In silico search for a putative ZbHaa1 DNA-binding motif
Taking into account the promoter sequences of Z. bailii genes homologous to S. cerevisiae genes considered to be directly activated by Haa116 or Cup235, that is, 4 from the 32 genes found in this work to be ZbHaa1-dependent (ORFs ZBIST_0079, ZBIST_3442, homologues of S. cerevisiae HSP26, ZBIST_0509, homologue of S. cerevisiae YGP1, and ZBIST_3713, homologue of S. cerevisiae CRS5), a putative ZbHaa1 DNA-binding motif was predicted using the Improbizer algorithm. Since only 4 genes are described to be regulated by Cup2 in S. cerevisiae, and only a few genes were found in common in the S. cerevisiae Haa1 and Cup2 regulons and dependent on ZbHaa1, the final number of promoters considered for the analysis was necessarily low in order to increase the confidence in the in silico predicted motif. Among the obtained motifs (data not shown), the one with the highest score (10.742) was 5′-(A/C)GGG(A/C)G(A/G)(C/T)(G/T)-3′ (Supplementary Fig. S2a). This motif was confirmed to be present in the promoter regions of seven genes found in this study to be ZbHaa1-dependent (ORFs ZBIST_0079, ZBIST_0509, ZBIST_2207, ZBIST_3442, ZBIST_3490, ZBIST_3713 and ZBIST_5024) (p-value ≤ 0.0001) (Supplementary Fig. S2b). Four of these genes’ promoters were those used for the in silico motif prediction. The three additional genes (ORFs ZBIST_2207, ZBIST_3490 and ZBIST_5024) that emerged from this subsequent analysis are homologues of S. cerevisiae SSA3, related to FMP16, and related to OM45, respectively. However, none of them is documented as directly activated by Haa1 or Cup2 in S. cerevisiae. Remarkably, the identified motif for ZbHaa1 was found to contain within the DNA binding sequence motif of S. cerevisiae Haa1 (5′-(G/C)(A/C)GG(G/C)G-3′)17 from position 4 to 9 (Supplementary Fig. S2a).
Discussion
Z. bailii is remarkably tolerant to the yeast growth inhibitor acetic acid. The manipulation of regulatory gene networks that govern acetic acid stress tolerance in this species is essential to control acetic acid tolerance. However, this regulatory information is currently very poorly described. Herein is reported for the first time the identification of transcriptional alterations occurring during the early response of Z. bailii IST302 to acetic acid or copper stress and the elucidation of the regulatory network controlled by the transcription factor ZbHaa1 (homologous to S. cerevisiae Haa1 and Cup2 paralogues).
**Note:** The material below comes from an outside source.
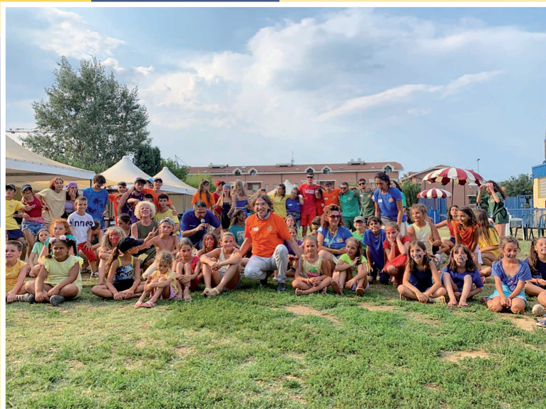
S.C.S.D. Centro Nuoto Nichelino

Quest'estate a Nichelino lo sport non è andato in vacanza, al contrario! A partire dal 13 giugno i complessi sportivi, le palestre scolastiche e private

The mRNA levels from Z. bailii genes homologous to S. cerevisiae genes involved in the tricarboxylic-acid pathway (MDH1, ACO1, CIT1, SHH3, and SDH2), energy production (COR1, CYC1, and ATP16), protein folding and stabilization (HSP26, HSP42, HSP78, HSP104, SSA3, and BTN2), biosynthesis of ergosterol (ERG11 and MCR1), detoxification (ARN2, SPE2, and ARR3) and cell wall modulation (YGP1, ANP1, ECM33, and HSP150) were found to increase under sudden exposure to acetic acid. Taking into account the results derived from the RNA-Seq analysis, a schematic model representing the candidate processes leading to the adaptive response of Z. bailii IST302 to acetic acid stress is proposed (Fig. 5). Increased transcription levels from genes of the tricarboxylic acid pathway is most likely an indication of acetic acid metabolization in the presence of glucose, as previously reported8,36. This is considered a mechanism that can alleviate the stress caused by acetic acid by contributing to decreased acetic acid levels and increased energy production required for energy-dependent acetic acid stress detoxification mechanisms. The upregulation of genes coding for proteins involved in protein folding and stabilization, such as heat shock proteins, is an evidence of protein denaturation and misfolding, possibly as a result of intracellular acidification37 and oxidative stress38,39 induced upon acetic acid stress, likely contributing to the alleviation of the stress by refolding and reactivating the function of denatured proteins. Remarkably, four copies of HSP26 homologues are present in Z. bailii IST302 genome. This high number of copies together with the registered strong increase in the transcription levels of two of them upon acetic acid stress suggest that these chaperone proteins might be relevant in Z. bailii tolerance to acetic acid. Significant alterations were also observed in the transcription levels from genes involved in iron metabolism (ARN2, FET4, FRE2, and FRE3) during the early adaptation of Z. bailii IST302 to acetic acid stress. The alteration in the expression of genes involved in iron metabolism also occurs upon weak acid stress in S. cerevisiae and Z. parabailii7,40,41; however, further studies are still required to understand the underlying mechanism and contribution to Z. bailii tolerance to acetic acid.
Model representing the mechanisms proposed to underlie Z. bailii IST302 response to acetic acid in a growth medium with glucose and acetic acid. The suggested Z. bailii response mechanisms to acetic acid stress include the metabolization of acetate in the presence of glucose through the TCA cycle, energy generation mechanisms, control of protein folding and stabilization and modulation of the cell wall architecture. Red boxes indicate the proteins whose encoding genes were found in this study to be upregulated in Z. bailii cells grown in a glucose medium supplemented with acetic acid. Details on the proteins’ function and their putative involvement in the adaptive process are described in the text.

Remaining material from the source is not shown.